**Work item:** Repeat the listing below in full and exactly. Pictures are to be omitted.
** Supplied material follows **
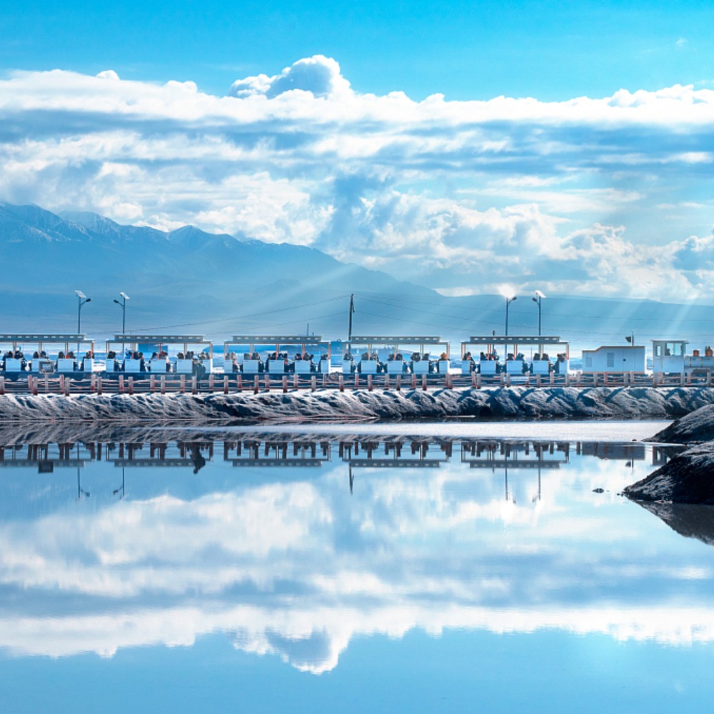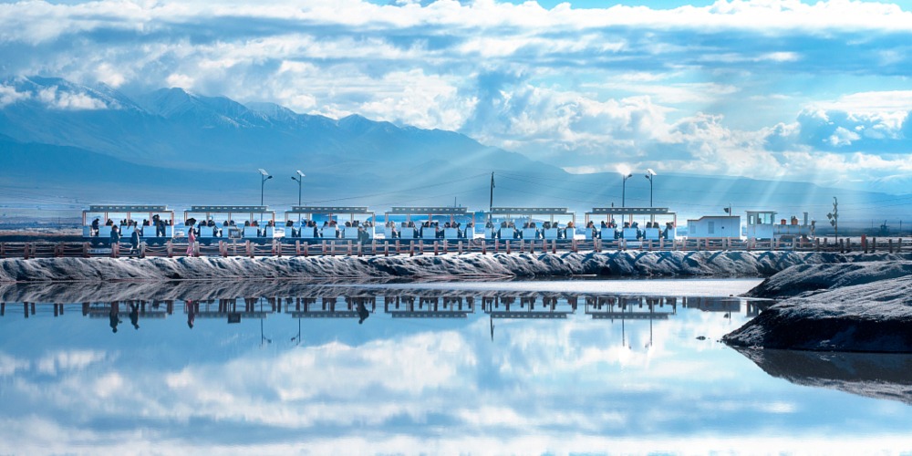 除了到湖面的「天空之鏡」拍照之外,茶卡鹽湖景區的其他旅遊體驗亦是相當豐富、有趣。當中不能錯過的就是有媲美「千與千尋」水上小火車的「鹽湖小火車」,遊客乘坐它們穿梭景區,在美麗景色伴隨下猶如置身夢幻的童話世界。
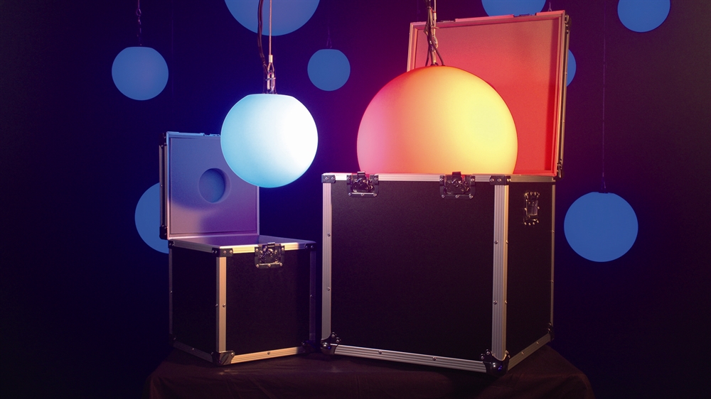 Showtec Illumisphere, tilgængelig som 30 cm (41122) og 50 cm version (41123), er en meget lys RGBW LED-sfære. Den kan fungere selvstændigt ved brug af et af de tilgængelige automatikprogrammer. Du kan også skabe din egen personlige atmosfære ved at indstille den rette farve via DMX (forbindelse via 3P XLR). Hver Illumisphere er udstyret med et dedikeret ophængningsøje, hvorigennem enheden kan monteres og sikres i en statisk position. Et certificeret sikkerhedskabel med en SWL på 5 kg er alt, hvad du behøver. Du kan tilføje Illumisphererne som statiske blikfang i ethvert Showtec Illumilift setup, fordi begge systemer har samme DMX LED-personlighed.
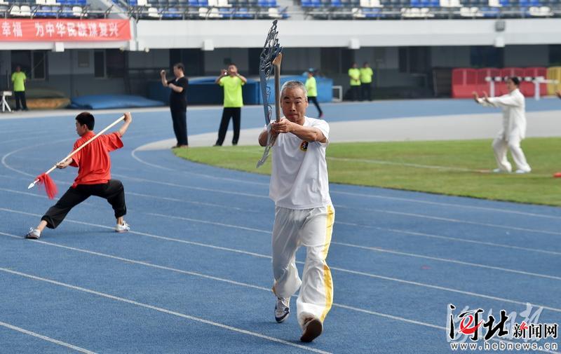 8月3日,石家莊市武術(shù)協(xié)會成員在進(jìn)行民間武術(shù)器械表演。
** End of Supplied material **
**Exercise response:**
 除了到湖面的「天空之鏡」拍照之外,茶卡鹽湖景區的其他旅遊體驗亦是相當豐富、有趣。當中不能錯過的就是有媲美「千與千尋」水上小火車的「鹽湖小火車」,遊客乘坐它們穿梭景區,在美麗景色伴隨下猶如置身夢幻的童話世界。
 Showtec Illumisphere, tilgængelig som 30 cm (41122) og 50 cm version (41123), er en meget lys RGBW LED-sfære. Den kan fungere selvstændigt ved brug af et af de tilgængelige automatikprogrammer. Du kan også skabe din egen personlige atmosfære ved at indstille den rette farve via DMX (forbindelse via 3P XLR). Hver Illumisphere er udstyret med et dedikeret ophængningsøje, hvorigennem enheden kan monteres og sikres i en statisk position. Et certificeret sikkerhedskabel med en SWL på 5 kg er alt, hvad du behøver. Du kan tilføje Illumisphererne som statiske blikfang i ethvert Showtec Illumilift setup, fordi begge systemer har samme DMX LED-personlighed.
 8月3日,石家莊市武術(shù)協(xié)會成員在進(jìn)行民間武術(shù)器械表演。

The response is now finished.